▶ [TASK TO CARRY OUT]:
Apart from the images, reproduce all of the data word for word.

====== MATERIAL PROVIDED

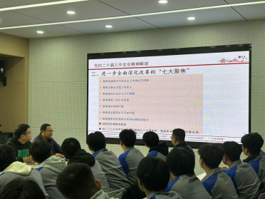 11月20日下午,机械工程学院党总支书记杨彦涛在5号实训馆5211会议室,为学生支部全体教师和2024年下半年党课培训班学员上专题党课,党课内容是学习贯彻党的二十届三中全会精神。
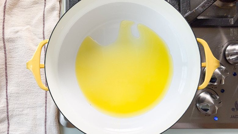 - Heat ¼ cup olive oil in a large oven-safe Dutch oven or braiser over medium-high heat.
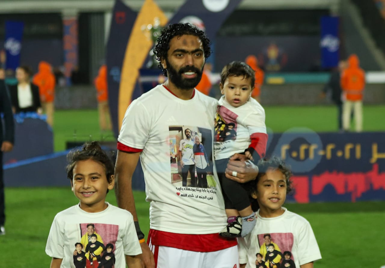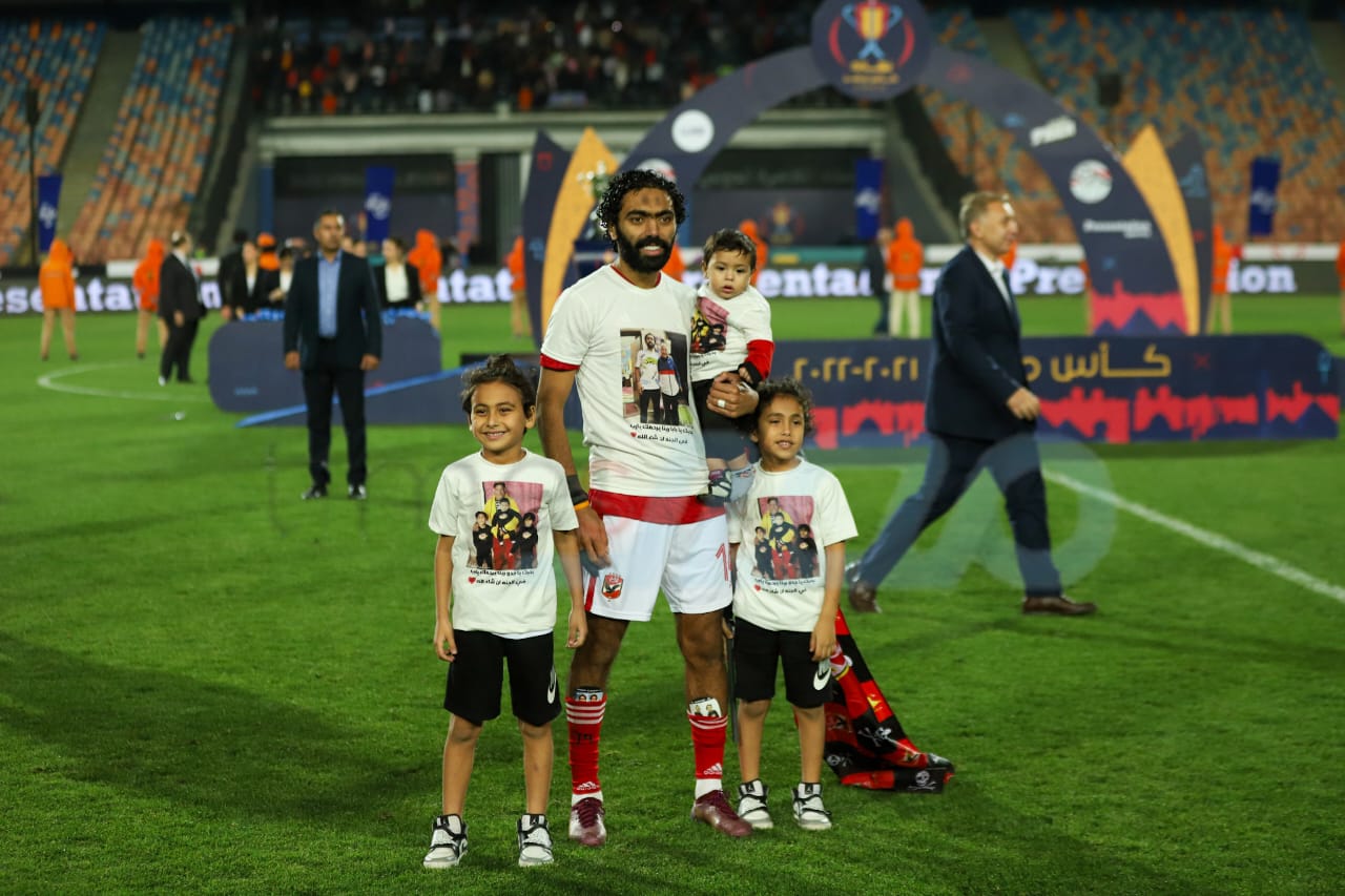 أحتفل حسين الشحات لاعب الفريق الأول لكرة القدم بالنادي الأهلي، بتتويج المارد الأحمر بكأس مصر، رفقه أطفاله وزميله محمود كهربا، إلى جانب حاملي الكرات.

============

▶ [OUTPUT FOR THIS EXERCISE]:
 11月20日下午,机械工程学院党总支书记杨彦涛在5号实训馆5211会议室,为学生支部全体教师和2024年下半年党课培训班学员上专题党课,党课内容是学习贯彻党的二十届三中全会精神。
 - Heat ¼ cup olive oil in a large oven-safe Dutch oven or braiser over medium-high heat.
 أحتفل حسين الشحات لاعب الفريق الأول لكرة القدم بالنادي الأهلي، بتتويج المارد الأحمر بكأس مصر، رفقه أطفاله وزميله محمود كهربا، إلى جانب حاملي الكرات.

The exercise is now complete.